=== Work to be completed ===
Your job is to return the whole listing unchanged while skipping its images.

===== Data for this exercise

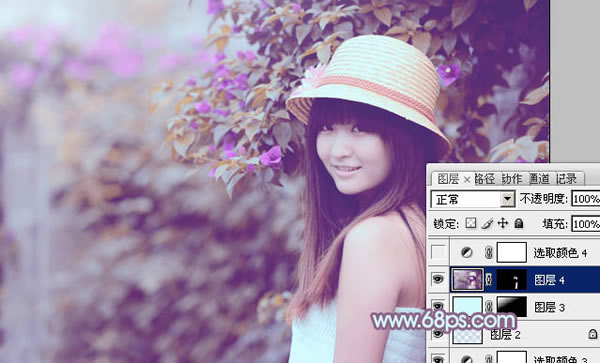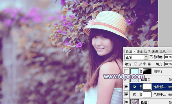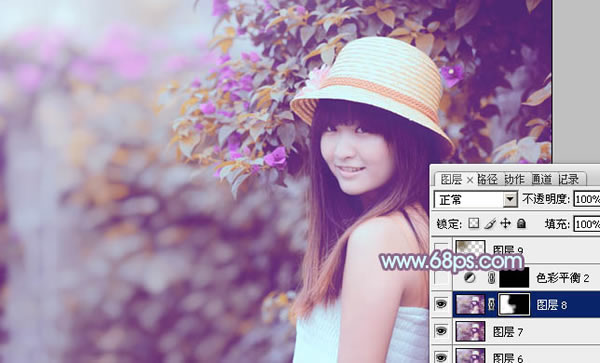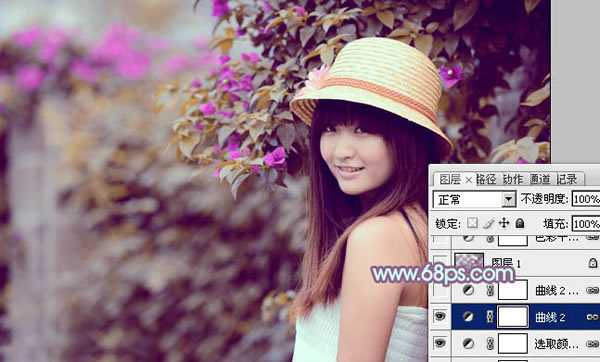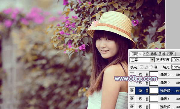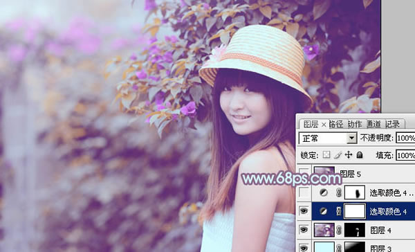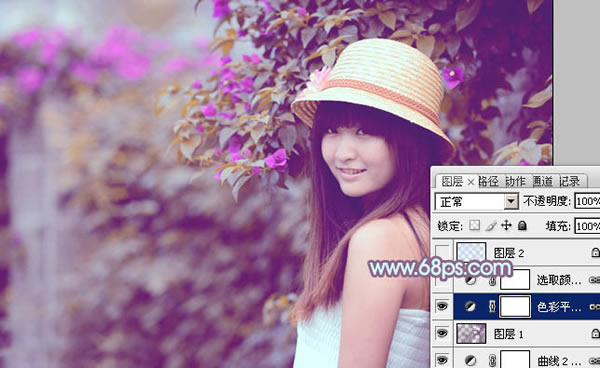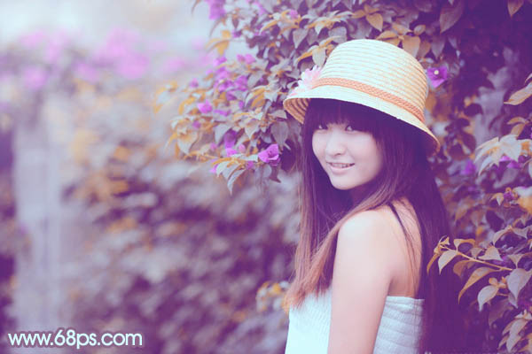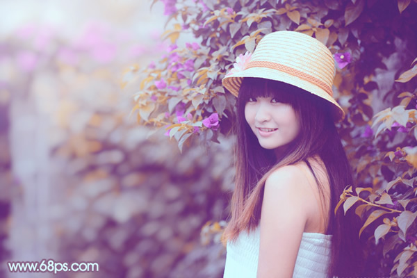 素材图片基本以绿色为主。转紫色的时候只需要把绿色及暗部的颜色转为暗紫色,高光部分的颜色转为橙黄色,再美化一下人物,渲染一些高光等即可。
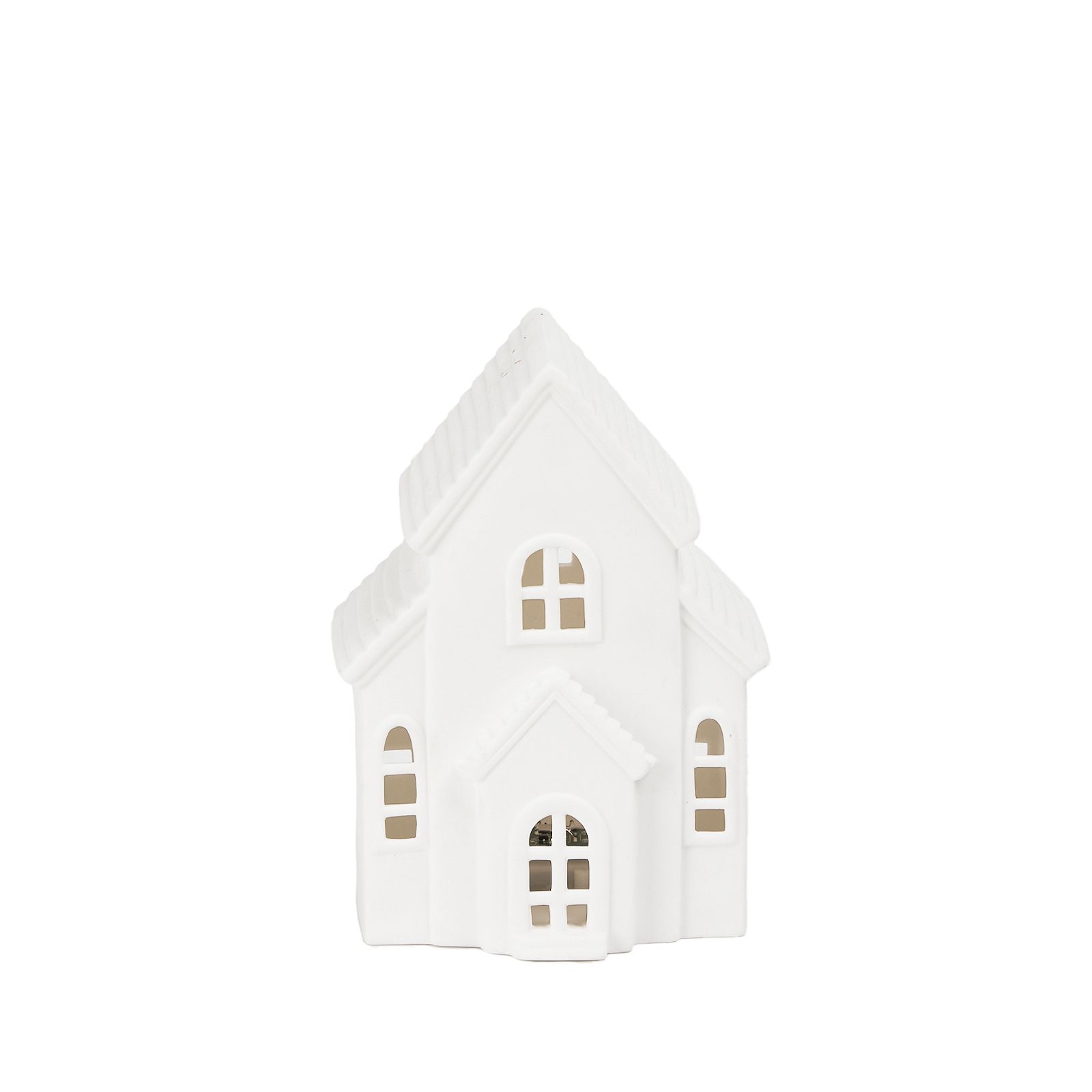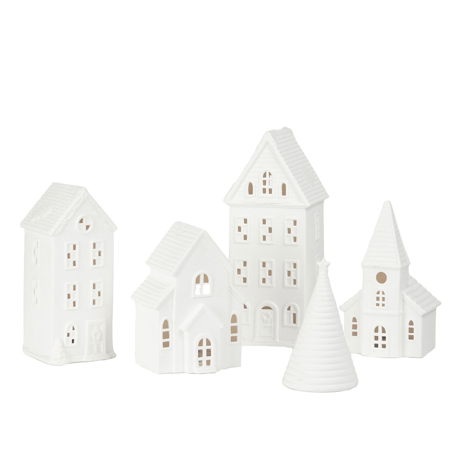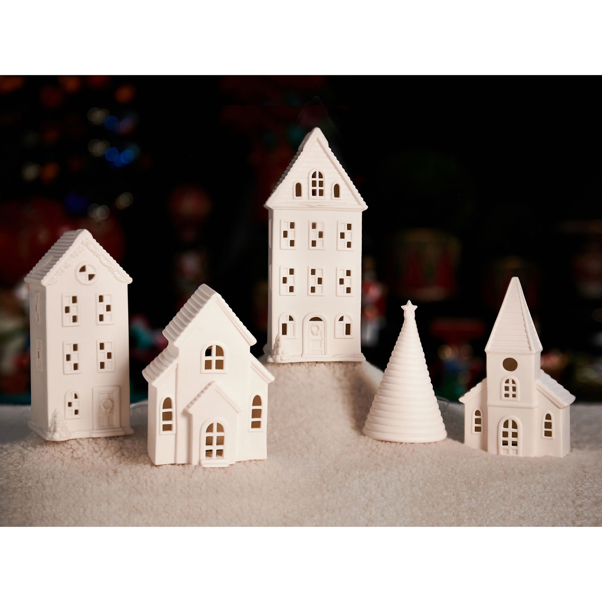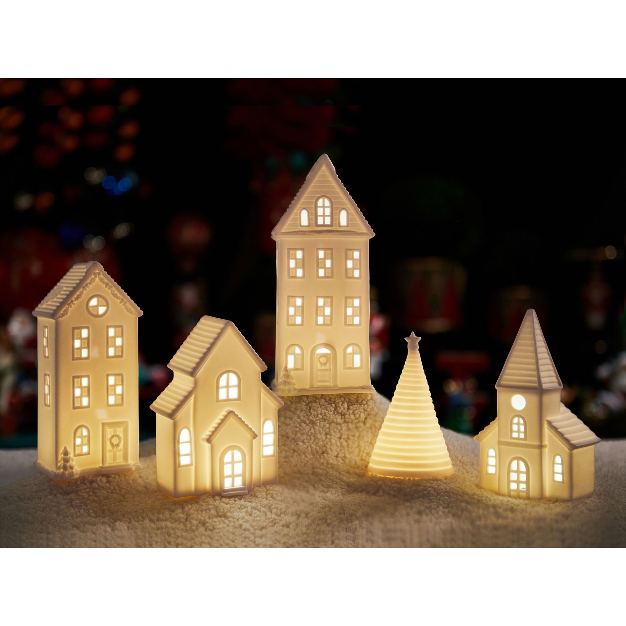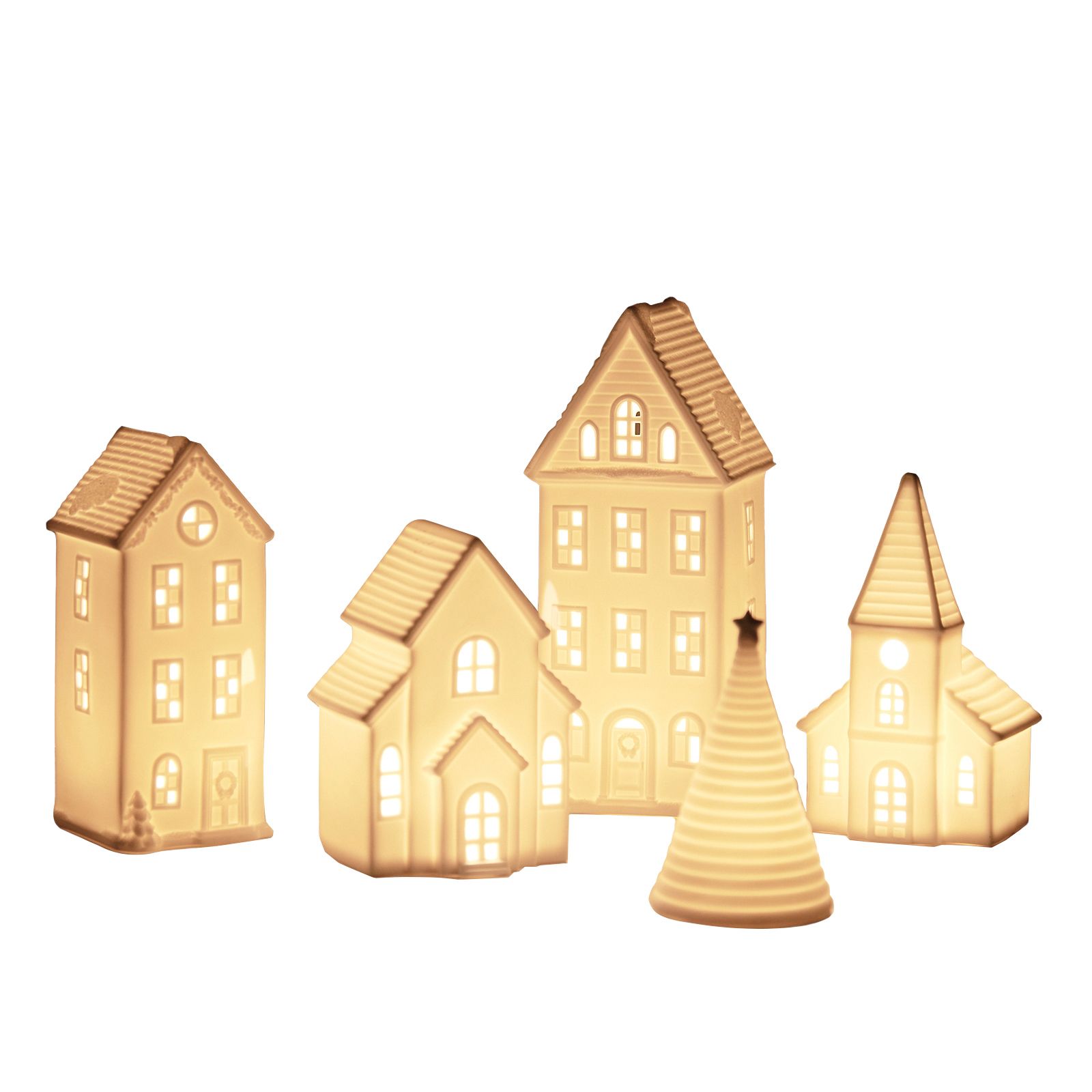 Includes four ceramic Christmas houses and a Christmas tree with LED
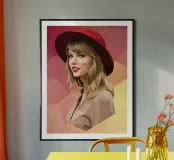 Taylor Swift con cappello rosso Low poly carta hahnemühle
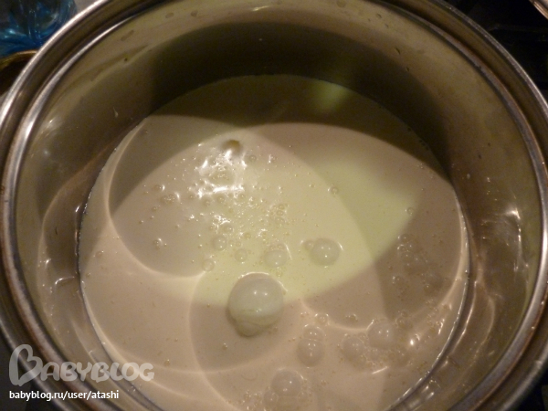 Вылить молоко с мукой в подогретую смесь в кастрюле.
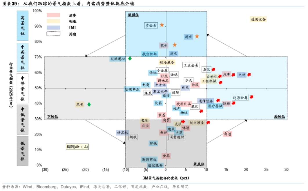2024年下半年以來,在擴內需政策和資產價格預期改善驅動下消費以溫和復蘇為主旋律,體驗式消費和新性價比消費成為亮點。從華泰證券的中觀景氣指數上看消費的景氣復蘇有三大線索:
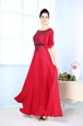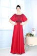 Sleeveless Satin Floor Length Zipper Prom Dress in Red for with Beading
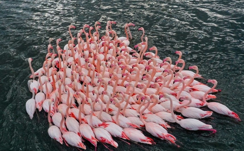 土耳其火烈鳥成群結(jié)隊水中暢游
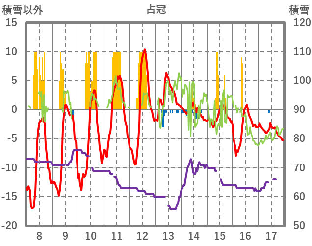 | 日 | 時 | 気温 | 降水 | 風向/風速 | 日照 | 積雪 | 降雪 |

==========

=== Solved exercise ===
 素材图片基本以绿色为主。转紫色的时候只需要把绿色及暗部的颜色转为暗紫色,高光部分的颜色转为橙黄色,再美化一下人物,渲染一些高光等即可。
 Includes four ceramic Christmas houses and a Christmas tree with LED
 Taylor Swift con cappello rosso Low poly carta hahnemühle
 Вылить молоко с мукой в подогретую смесь в кастрюле.
2024年下半年以來,在擴內需政策和資產價格預期改善驅動下消費以溫和復蘇為主旋律,體驗式消費和新性價比消費成為亮點。從華泰證券的中觀景氣指數上看消費的景氣復蘇有三大線索:
 Sleeveless Satin Floor Length Zipper Prom Dress in Red for with Beading
 土耳其火烈鳥成群結(jié)隊水中暢游
 | 日 | 時 | 気温 | 降水 | 風向/風速 | 日照 | 積雪 | 降雪 |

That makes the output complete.